*** INPUT DATA ***

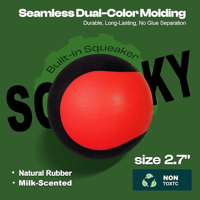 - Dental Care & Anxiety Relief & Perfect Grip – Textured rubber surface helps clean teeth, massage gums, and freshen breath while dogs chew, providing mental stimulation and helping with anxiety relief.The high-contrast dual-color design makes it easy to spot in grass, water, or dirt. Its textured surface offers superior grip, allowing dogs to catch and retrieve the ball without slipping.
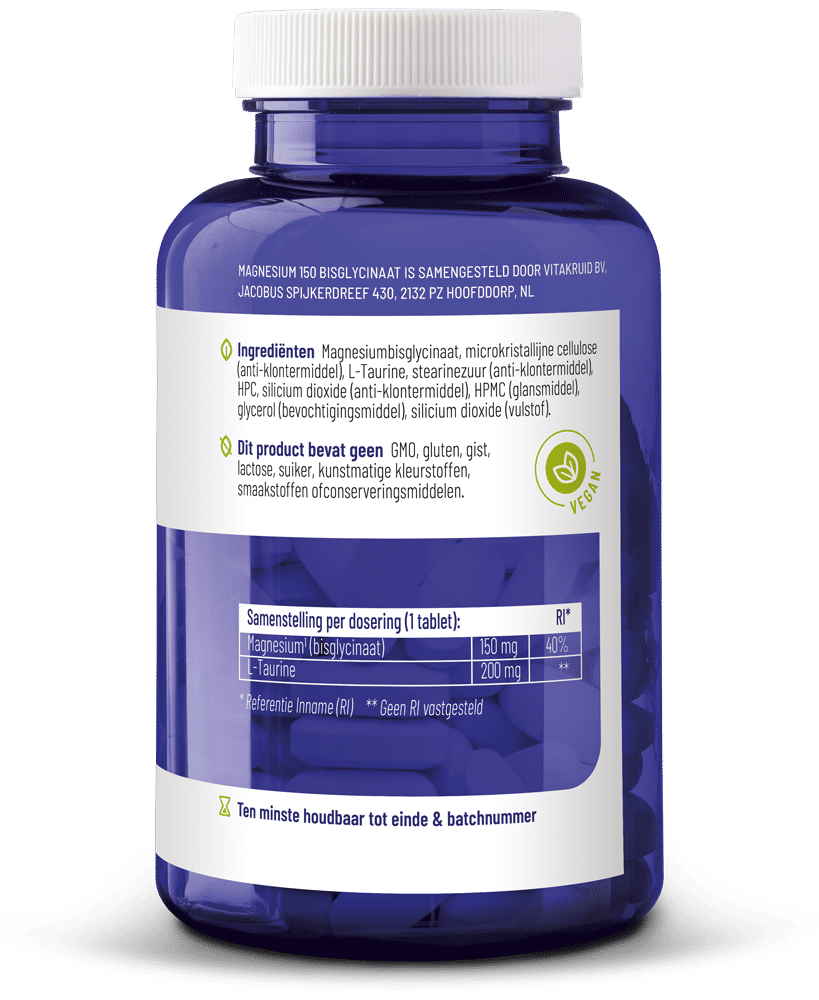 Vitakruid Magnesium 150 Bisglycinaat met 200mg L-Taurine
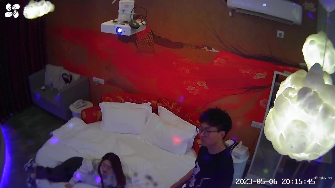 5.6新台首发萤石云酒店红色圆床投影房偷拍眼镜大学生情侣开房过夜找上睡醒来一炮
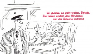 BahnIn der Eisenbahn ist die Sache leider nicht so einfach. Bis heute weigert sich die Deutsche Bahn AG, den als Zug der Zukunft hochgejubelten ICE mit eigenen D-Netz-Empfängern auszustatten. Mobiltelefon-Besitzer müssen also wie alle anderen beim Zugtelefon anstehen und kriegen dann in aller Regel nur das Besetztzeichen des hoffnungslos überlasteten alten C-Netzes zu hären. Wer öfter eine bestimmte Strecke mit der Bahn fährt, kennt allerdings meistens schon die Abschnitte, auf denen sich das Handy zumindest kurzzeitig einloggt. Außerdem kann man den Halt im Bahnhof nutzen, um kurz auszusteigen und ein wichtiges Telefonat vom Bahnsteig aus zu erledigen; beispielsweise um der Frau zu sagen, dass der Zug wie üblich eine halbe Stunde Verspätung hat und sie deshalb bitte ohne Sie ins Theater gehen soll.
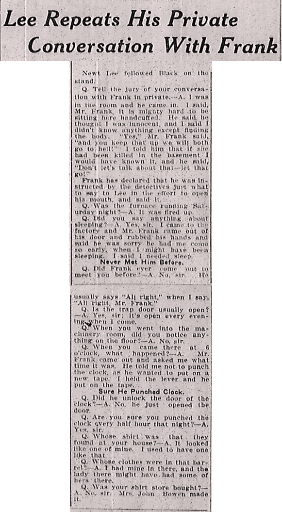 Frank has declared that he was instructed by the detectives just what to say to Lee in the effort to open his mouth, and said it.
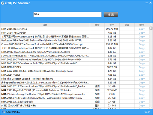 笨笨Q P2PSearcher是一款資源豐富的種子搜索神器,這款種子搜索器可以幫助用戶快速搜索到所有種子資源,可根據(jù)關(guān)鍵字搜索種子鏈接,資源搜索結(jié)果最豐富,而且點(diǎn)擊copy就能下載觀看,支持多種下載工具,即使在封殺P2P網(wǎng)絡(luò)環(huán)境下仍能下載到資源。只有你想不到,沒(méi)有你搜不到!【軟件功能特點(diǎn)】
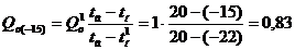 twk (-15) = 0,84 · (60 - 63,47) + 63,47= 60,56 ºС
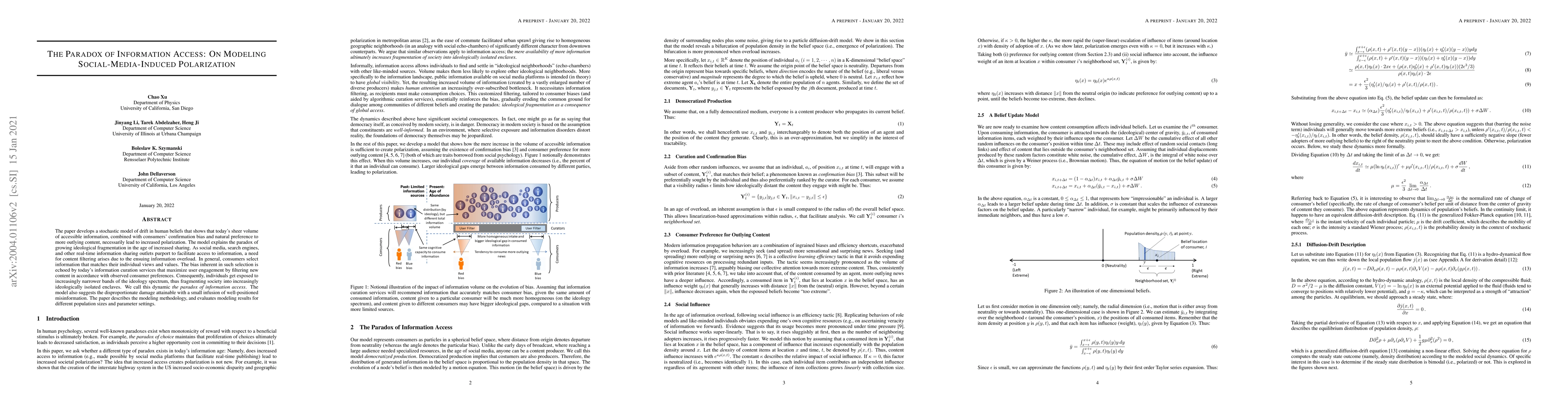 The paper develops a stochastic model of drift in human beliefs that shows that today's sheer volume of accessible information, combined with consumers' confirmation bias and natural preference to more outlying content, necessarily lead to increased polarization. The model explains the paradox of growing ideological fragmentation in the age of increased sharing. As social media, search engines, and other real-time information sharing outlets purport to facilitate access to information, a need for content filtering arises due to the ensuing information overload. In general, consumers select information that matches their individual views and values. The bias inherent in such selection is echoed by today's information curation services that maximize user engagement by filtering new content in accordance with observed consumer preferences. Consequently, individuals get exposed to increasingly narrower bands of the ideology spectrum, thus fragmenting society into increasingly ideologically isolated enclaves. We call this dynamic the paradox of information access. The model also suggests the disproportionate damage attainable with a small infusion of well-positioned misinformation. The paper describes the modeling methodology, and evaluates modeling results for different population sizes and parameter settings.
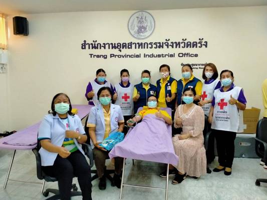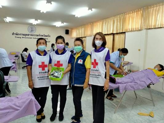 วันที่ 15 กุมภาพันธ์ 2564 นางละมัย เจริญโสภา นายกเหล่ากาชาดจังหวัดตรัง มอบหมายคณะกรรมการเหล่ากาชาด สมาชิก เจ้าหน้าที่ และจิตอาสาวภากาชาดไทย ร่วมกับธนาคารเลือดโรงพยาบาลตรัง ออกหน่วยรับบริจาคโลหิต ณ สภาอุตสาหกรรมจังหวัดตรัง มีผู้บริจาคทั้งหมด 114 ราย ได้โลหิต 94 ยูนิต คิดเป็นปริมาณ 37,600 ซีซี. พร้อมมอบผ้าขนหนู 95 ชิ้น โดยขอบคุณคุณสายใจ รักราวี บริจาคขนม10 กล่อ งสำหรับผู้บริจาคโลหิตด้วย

*** End of INPUT DATA ***

## THE PROBLEM
Reproduce every record above exactly, but leave out the pictures.

## WRITTEN REPLY
 - Dental Care & Anxiety Relief & Perfect Grip – Textured rubber surface helps clean teeth, massage gums, and freshen breath while dogs chew, providing mental stimulation and helping with anxiety relief.The high-contrast dual-color design makes it easy to spot in grass, water, or dirt. Its textured surface offers superior grip, allowing dogs to catch and retrieve the ball without slipping.
 Vitakruid Magnesium 150 Bisglycinaat met 200mg L-Taurine
 5.6新台首发萤石云酒店红色圆床投影房偷拍眼镜大学生情侣开房过夜找上睡醒来一炮
 BahnIn der Eisenbahn ist die Sache leider nicht so einfach. Bis heute weigert sich die Deutsche Bahn AG, den als Zug der Zukunft hochgejubelten ICE mit eigenen D-Netz-Empfängern auszustatten. Mobiltelefon-Besitzer müssen also wie alle anderen beim Zugtelefon anstehen und kriegen dann in aller Regel nur das Besetztzeichen des hoffnungslos überlasteten alten C-Netzes zu hären. Wer öfter eine bestimmte Strecke mit der Bahn fährt, kennt allerdings meistens schon die Abschnitte, auf denen sich das Handy zumindest kurzzeitig einloggt. Außerdem kann man den Halt im Bahnhof nutzen, um kurz auszusteigen und ein wichtiges Telefonat vom Bahnsteig aus zu erledigen; beispielsweise um der Frau zu sagen, dass der Zug wie üblich eine halbe Stunde Verspätung hat und sie deshalb bitte ohne Sie ins Theater gehen soll.
 Frank has declared that he was instructed by the detectives just what to say to Lee in the effort to open his mouth, and said it.
 笨笨Q P2PSearcher是一款資源豐富的種子搜索神器,這款種子搜索器可以幫助用戶快速搜索到所有種子資源,可根據(jù)關(guān)鍵字搜索種子鏈接,資源搜索結(jié)果最豐富,而且點(diǎn)擊copy就能下載觀看,支持多種下載工具,即使在封殺P2P網(wǎng)絡(luò)環(huán)境下仍能下載到資源。只有你想不到,沒(méi)有你搜不到!【軟件功能特點(diǎn)】
 twk (-15) = 0,84 · (60 - 63,47) + 63,47= 60,56 ºС
 The paper develops a stochastic model of drift in human beliefs that shows that today's sheer volume of accessible information, combined with consumers' confirmation bias and natural preference to more outlying content, necessarily lead to increased polarization. The model explains the paradox of growing ideological fragmentation in the age of increased sharing. As social media, search engines, and other real-time information sharing outlets purport to facilitate access to information, a need for content filtering arises due to the ensuing information overload. In general, consumers select information that matches their individual views and values. The bias inherent in such selection is echoed by today's information curation services that maximize user engagement by filtering new content in accordance with observed consumer preferences. Consequently, individuals get exposed to increasingly narrower bands of the ideology spectrum, thus fragmenting society into increasingly ideologically isolated enclaves. We call this dynamic the paradox of information access. The model also suggests the disproportionate damage attainable with a small infusion of well-positioned misinformation. The paper describes the modeling methodology, and evaluates modeling results for different population sizes and parameter settings.
 วันที่ 15 กุมภาพันธ์ 2564 นางละมัย เจริญโสภา นายกเหล่ากาชาดจังหวัดตรัง มอบหมายคณะกรรมการเหล่ากาชาด สมาชิก เจ้าหน้าที่ และจิตอาสาวภากาชาดไทย ร่วมกับธนาคารเลือดโรงพยาบาลตรัง ออกหน่วยรับบริจาคโลหิต ณ สภาอุตสาหกรรมจังหวัดตรัง มีผู้บริจาคทั้งหมด 114 ราย ได้โลหิต 94 ยูนิต คิดเป็นปริมาณ 37,600 ซีซี. พร้อมมอบผ้าขนหนู 95 ชิ้น โดยขอบคุณคุณสายใจ รักราวี บริจาคขนม10 กล่อ งสำหรับผู้บริจาคโลหิตด้วย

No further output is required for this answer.